Thursday, December 1, 2011

A Further Look at the Recent Reforms Permitting Sale of Private Residences

Now that the dust has settled in Cuba after Raul Castro’s “liberalization” of private real property transactions, it’s worthwhile to look at how the new policy works.

The average salary in Cuba is $17 per month, and there are no financial institutions that grant mortgages. There are now approximately 500 properties for sale in Havana according to the Miami Herald. The prices range from $14,000 to $280000. If an owner wants to sell, both the buyer and the seller must pay 4 percent of value of the transaction to the government. Value is defined as the higher of declared value by the parties, or the value established by a government architect, whichever is higher. Of course, the profit would be also subject to income tax.

So where is the money going to come from to buy the homes? Only one place--relatives living abroad who are willing to send their family members dollars. The explanation for this is obvious. As Deep Throat advised Woodward and Bernstein: follow the money. Cuba is desperate for foreign currency to pay its international obligations that are presently in default. Any sale that takes place will result in a substantial share going to the government, in addition to the normal income tax that it already would be set to receive.

For the average Cuban family, it is unlikely that the new liberalization will produce any noticeable improvement. That it will now be legal to buy and sell both a home in a town and also in the countryside will have an equivalent impact of permitting the acquisition or sale of property on the moon.

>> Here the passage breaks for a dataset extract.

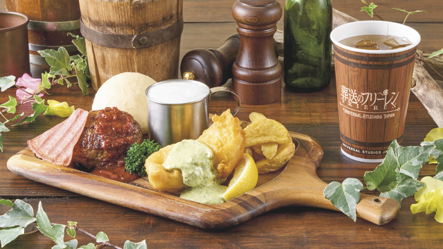 「アイゼン&ハイターのハンバーグとフィッシュ&チップスプレート」は頑張った者に贈られるハンバーグと、おつまみにもなるフィッシュ&チップス。アイゼンとハイターの2人が思い浮かぶ贅沢なプレートとなっている。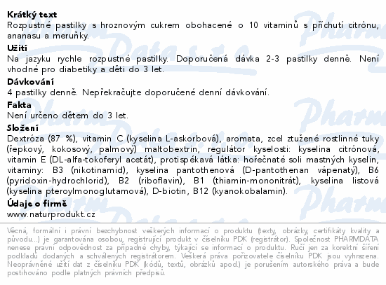 Rozpustné pastilky s hroznovým cukrem obohacené o 10 vitaminů s příchutí citrónu, ananasu a meruňky.

in The Death of the White Rose, the revolution’s promise of democracy and its delivery of something else is exposed. The lie devastated the middle class that supported Castro  and the M-267 revolutionary forces and tore apart families and lives in the process. A revolution which imposes the will of a leader on its people, rather than the will of the people on its leader, only serves to change the identity of the leader and fails to improve the lot of the led. William Butler Yeats said it succinctly when he wrote:

Hurrah for revolution and more cannon-shot!
A beggar upon horseback lashes a beggar on foot,
Hurrah for revolution and cannon come again!
The beggars have changed places but the lash goes on.